Write out exactly the lines running from the line that includes "Verse du pin maritime" to the end of the data, both ends included, and nothing besides.

Given data —
↓↓↓

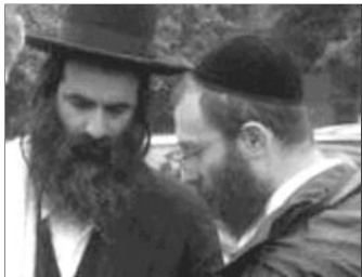
▲ Евреи в традиционных головных уборах

Иудейское богослужение состоит из индивидуальной и общей молитвы, чтения Торы, исполнения религиозных песнопений. Благочестивый еврей молится трижды в день: утром, в полдень и вечером. Основная молитва — «Шма» — состоит из трех библейских отрывков. Молящиеся сидят на креслах, стульях
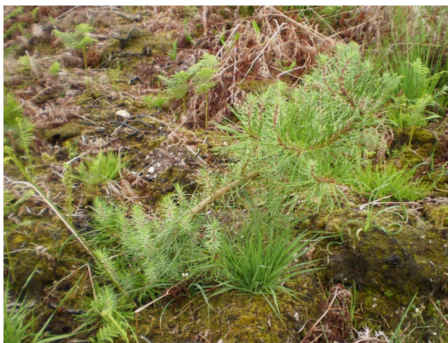
Verse du pin maritime

Tours et Angers, et de façon plus éparse en Nouvelle-Aquitaine (Lot-et-Garonne et Gironde). Les conditions climatiques (en particulier les précipitations abondantes du printemps 2016, la douceur du printemps 2017 et les coups de vent) a vraisemblablement favorisé ce processus en facilitant une croissance exubérante. Si certains peuplements peuvent se redresser, pour d'autres, la situation est irrémédiable.

↑↑↑

Response for this exercise —
Verse du pin maritime

Tours et Angers, et de façon plus éparse en Nouvelle-Aquitaine (Lot-et-Garonne et Gironde). Les conditions climatiques (en particulier les précipitations abondantes du printemps 2016, la douceur du printemps 2017 et les coups de vent) a vraisemblablement favorisé ce processus en facilitant une croissance exubérante. Si certains peuplements peuvent se redresser, pour d'autres, la situation est irrémédiable.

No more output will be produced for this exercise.